Дом сэра Томаса Элдриджа возвышался над мостовой точно угрюмый часовой, доставшийся городу в наследство от более суровых времён. Серый камень, из которого он был сложен, помнил, кажется, ещё войны Алой и Белой розы; узкие, глубоко посаженные окна напоминали не столько украшение фасада, сколько бойницы, а массивная дубовая дверь, окованная почерневшим от вечной лондонской сырости железом, довершала впечатление крепости, а не жилого дома. Именно так, вероятно, и предпочитал думать о своём жилище сам хозяин: дом, который умеет молчать, скрывающий за толстыми стенами жизнь человека, предпочитавшего, чтобы сама История о нём забыла.
Но это было снаружи. Внутри, за теми же стенами, царил совсем иной мир. Здесь пахло догорающими дровами, подсохшим шалфеем, что связками висел под потолочными балками, и свежим хлебом из утренней печи. В большой зале на первом этаже в камине ещё теплилось оранжевое пламя, лениво облизывая почерневшие поленья, и свет огня танцевал по тёмным панелям мореного дуба, выхватывая из полумрака то тиснёные корешки на полке с книгами, то потускневшее серебро на тяжёлом буфете, доставшемся дому ещё от прежних хозяев.
На столе ждала утренняя трапеза, разложенная с той грубоватой заботой, что свойственна домам старой закалки, где хозяйство ведут не напоказ, а для тепла. От миски овсяного пудинга, сдобренного мёдом и щепоткой заморской корицы, поднимался пар, тающий в холодном утреннем воздухе.

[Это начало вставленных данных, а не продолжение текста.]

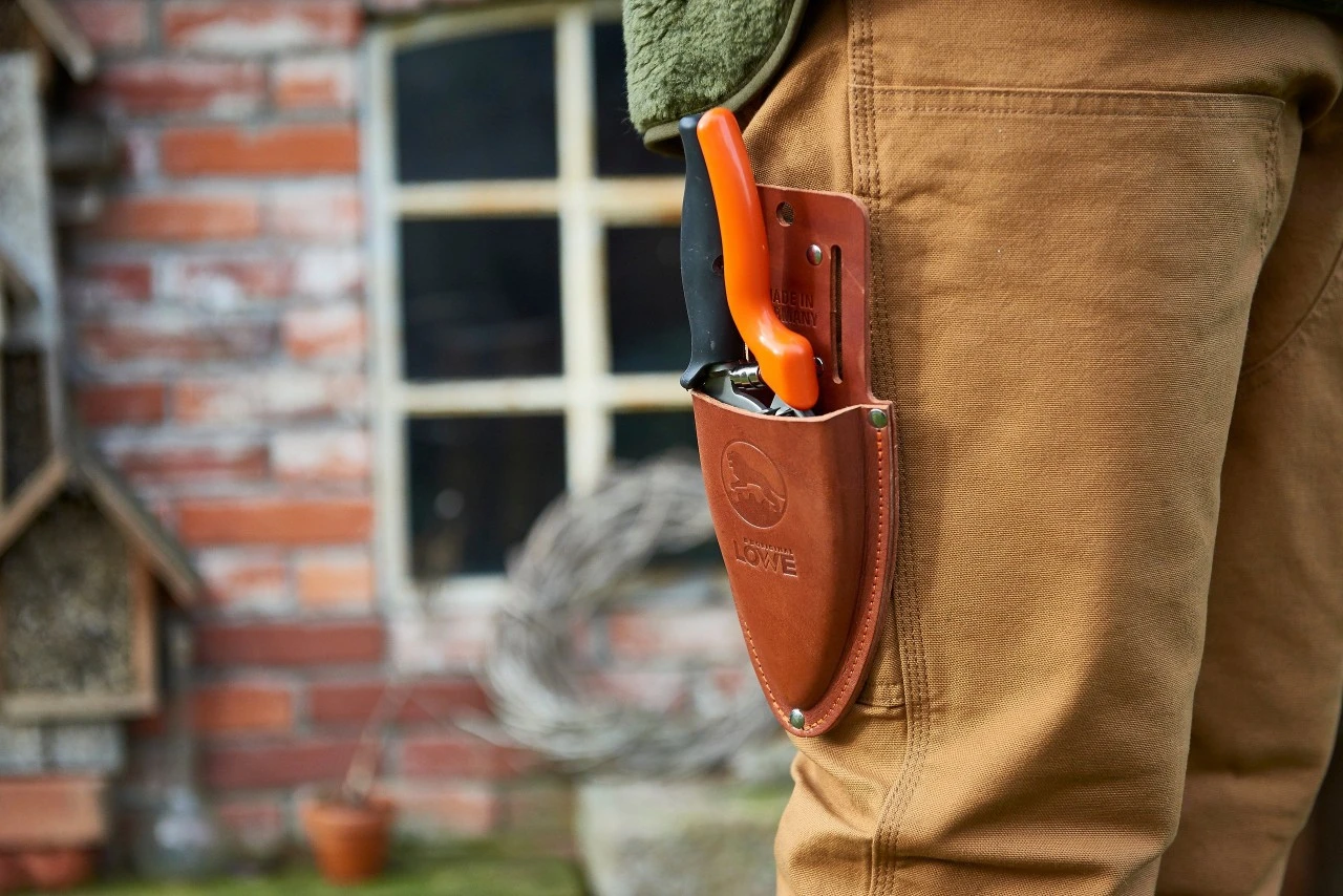 Löwes Premium læderkogger til håndsakse er lavet af robust læder og er 100% fremstillet i Tyskland. Det passer til alle Löwes håndsakse. Koggerets enkelte dele er syet og yderligere nittet for at imødekomme de høje krav til daglig brug. Bagside med øjer til bæltet. Mål 100 x 275 x 45 mm (L x B x H). Vægt 127 g.

Рядом на оловянном блюде лежала копчёная сельдь с золотистой, обманчиво нарядной чешуёй; ломти хлеба, поджаренные на углях и щедро смазанные жёлтым маслом, соседствовали с головкой выдержанного кентского сыра, чей запах был так же крепок и упрям, как и стены этого дома. Тяжёлый глиняный кувшин, до краёв наполненный густым элем, потел каплями в тепле очага, будто и сам не знал покоя.
Сэр Томас Элдридж сидел в своём любимом кресле у окна, где свет был хоть немного ярче, чем в остальной зале, и не отрывал взгляда от письма. Время — та самая стихия, которую он когда-то пытался укротить собственными руками, — оставило на нём свои неизгладимые следы, и следы эти он носил без тщеславия и без стыда, как носят старую, хорошо пригнанную кольчугу. Ему перевалило за пятьдесят. Седина давно перестала быть гостьей на его висках — она белым инеем покрыла всю голову и коротко подстриженную бороду, придавая лицу что-то от изваяния святого на паперти, только куда менее кроткого. Плечи, некогда казавшиеся непоколебимыми, чуть ссутулились, точно под тяжестью невидимых доспехов, которые он давно снял, но так и не научился не чувствовать на себе; впрочем, в самом их развороте всё ещё угадывалась прежняя мощь — мощь человека, который однажды носил офицерский шарф короны и не забыл, чего это стоило.
Лицо его превратилось в суровую маску из глубоких морщин и старых шрамов — не боевых отметин напоказ, а тех неприметных, что остаются от долгих переходов по солнцу и солёному ветру. Кожа потемнела от египетских песков и средиземноморских брызг, помнивших то, о чём Томас предпочитал не рассказывать даже дочери. Но стоило ему поднять глаза, как становилось ясно: этот человек не сломлен. Серые глаза, холодные, точно лондонский рассвет, сохранили пугающую остроту — остроту взгляда, который видит не просто движение чужой руки, а намерение, что стоит за этим движением; взгляда человека, для которого скрип половицы под чужой ногой — уже почти законченная история.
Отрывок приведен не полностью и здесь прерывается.